Exercise: Write out each record exactly and skip every image.
+---+
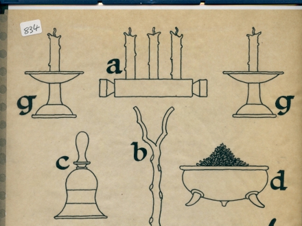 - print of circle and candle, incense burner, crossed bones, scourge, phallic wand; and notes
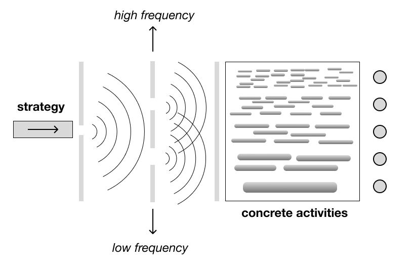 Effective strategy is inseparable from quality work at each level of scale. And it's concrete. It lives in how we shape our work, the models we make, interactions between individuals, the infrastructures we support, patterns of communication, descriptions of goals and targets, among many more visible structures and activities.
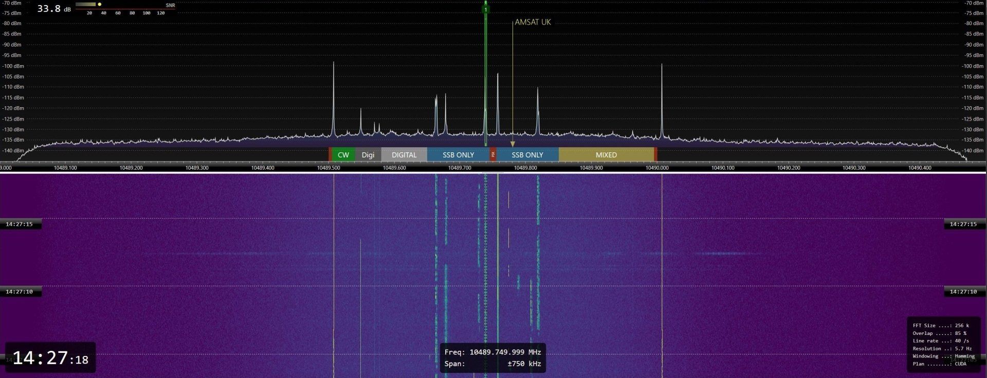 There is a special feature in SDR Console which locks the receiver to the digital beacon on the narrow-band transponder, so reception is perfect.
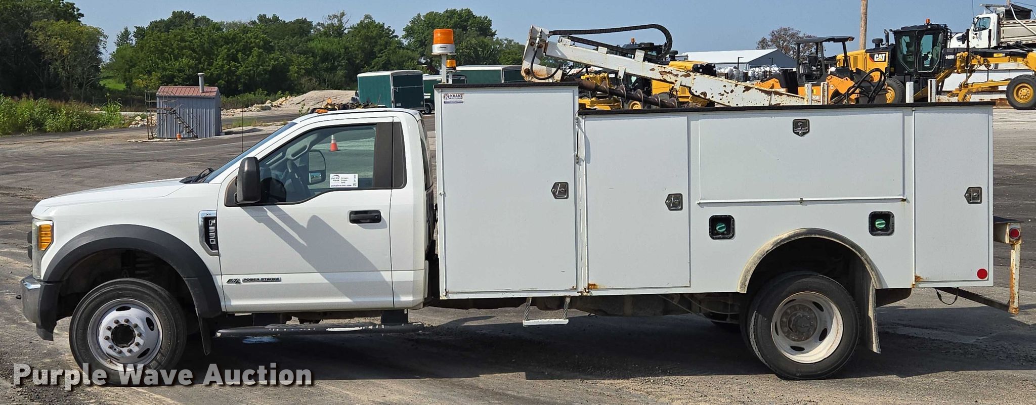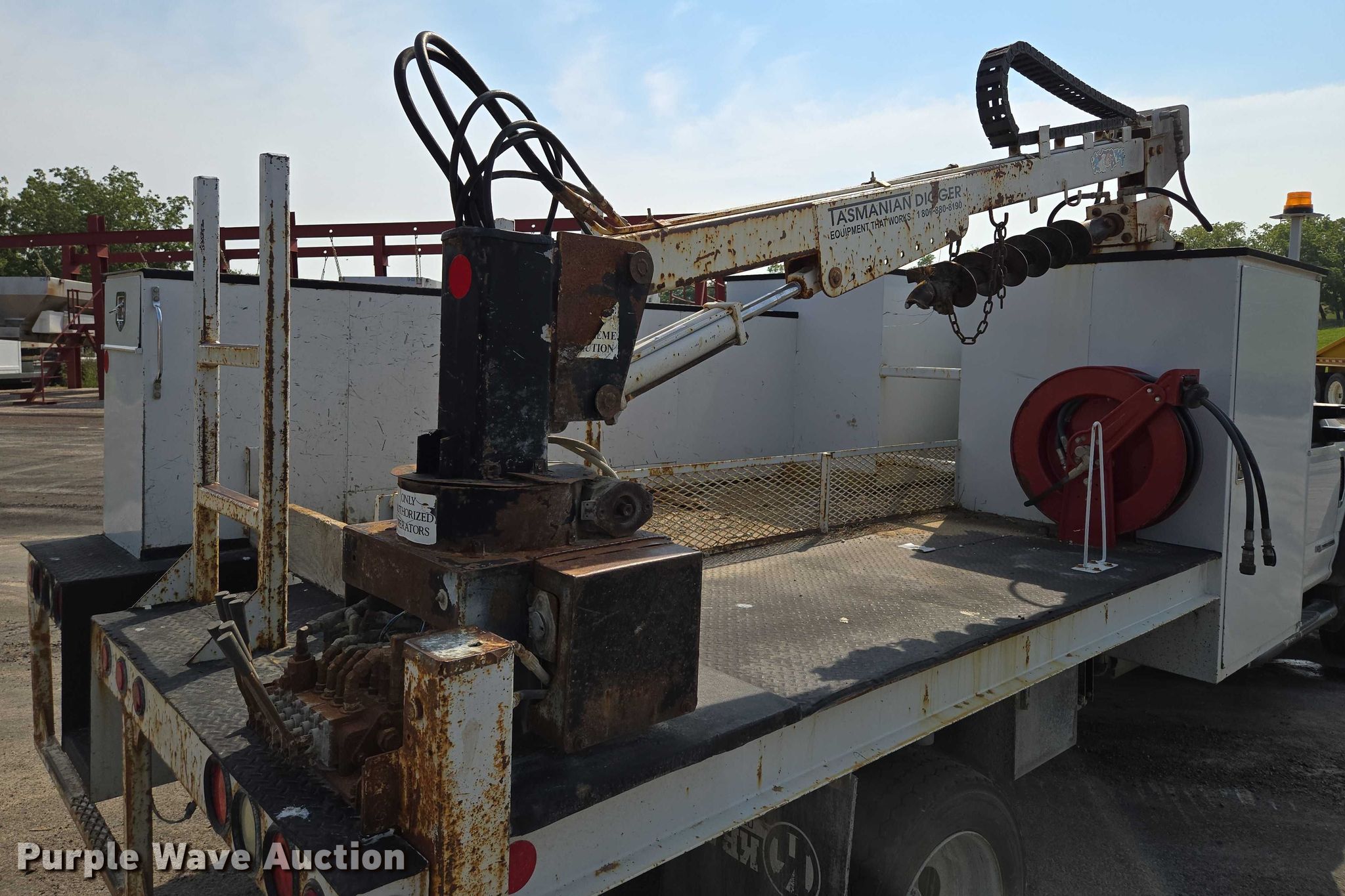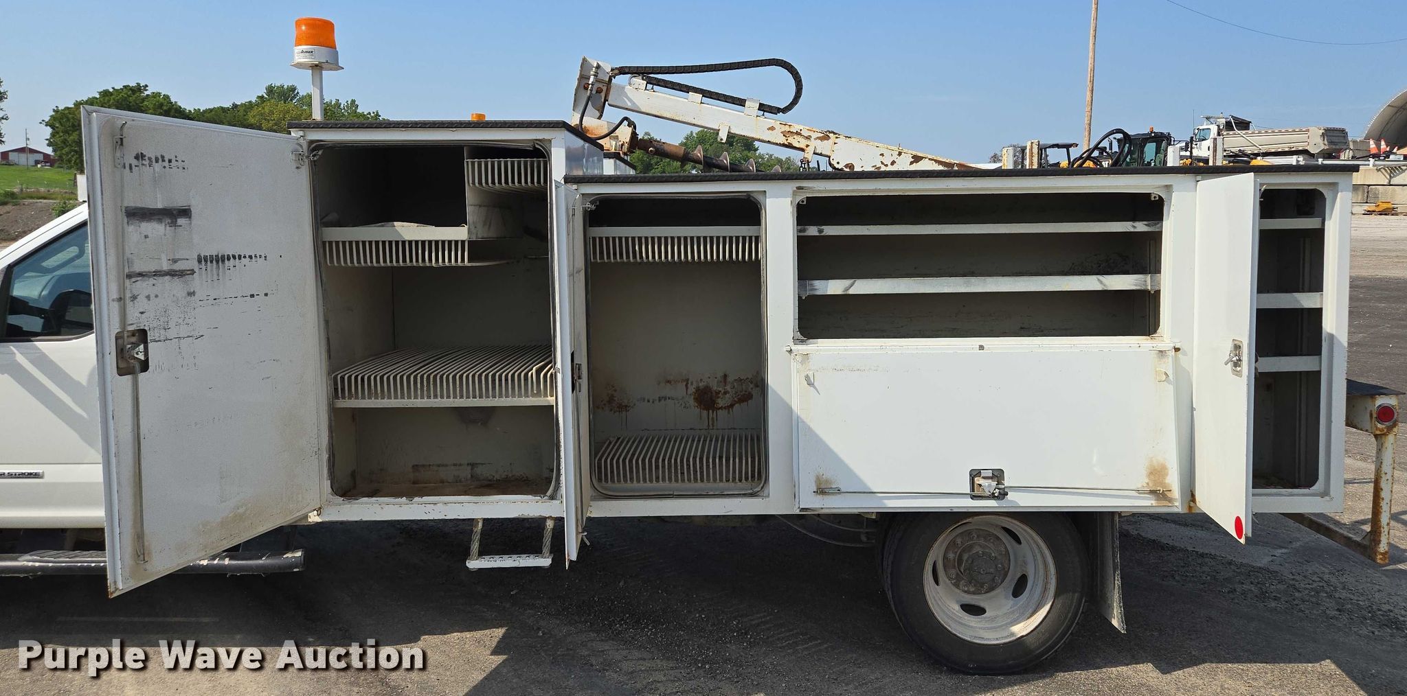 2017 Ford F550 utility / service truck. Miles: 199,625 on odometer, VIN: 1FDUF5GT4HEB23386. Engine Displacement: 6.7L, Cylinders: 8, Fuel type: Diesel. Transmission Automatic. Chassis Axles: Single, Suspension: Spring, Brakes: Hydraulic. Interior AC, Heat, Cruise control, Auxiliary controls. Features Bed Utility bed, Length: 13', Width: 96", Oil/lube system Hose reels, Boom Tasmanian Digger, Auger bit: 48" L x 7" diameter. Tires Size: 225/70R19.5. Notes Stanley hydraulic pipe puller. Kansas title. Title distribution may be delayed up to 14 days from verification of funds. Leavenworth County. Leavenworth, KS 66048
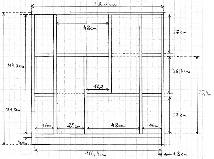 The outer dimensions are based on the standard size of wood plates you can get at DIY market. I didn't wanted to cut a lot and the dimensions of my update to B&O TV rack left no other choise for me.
+---+
Solution to this exercise:
 - print of circle and candle, incense burner, crossed bones, scourge, phallic wand; and notes
 Effective strategy is inseparable from quality work at each level of scale. And it's concrete. It lives in how we shape our work, the models we make, interactions between individuals, the infrastructures we support, patterns of communication, descriptions of goals and targets, among many more visible structures and activities.
 There is a special feature in SDR Console which locks the receiver to the digital beacon on the narrow-band transponder, so reception is perfect.
 2017 Ford F550 utility / service truck. Miles: 199,625 on odometer, VIN: 1FDUF5GT4HEB23386. Engine Displacement: 6.7L, Cylinders: 8, Fuel type: Diesel. Transmission Automatic. Chassis Axles: Single, Suspension: Spring, Brakes: Hydraulic. Interior AC, Heat, Cruise control, Auxiliary controls. Features Bed Utility bed, Length: 13', Width: 96", Oil/lube system Hose reels, Boom Tasmanian Digger, Auger bit: 48" L x 7" diameter. Tires Size: 225/70R19.5. Notes Stanley hydraulic pipe puller. Kansas title. Title distribution may be delayed up to 14 days from verification of funds. Leavenworth County. Leavenworth, KS 66048
 The outer dimensions are based on the standard size of wood plates you can get at DIY market. I didn't wanted to cut a lot and the dimensions of my update to B&O TV rack left no other choise for me.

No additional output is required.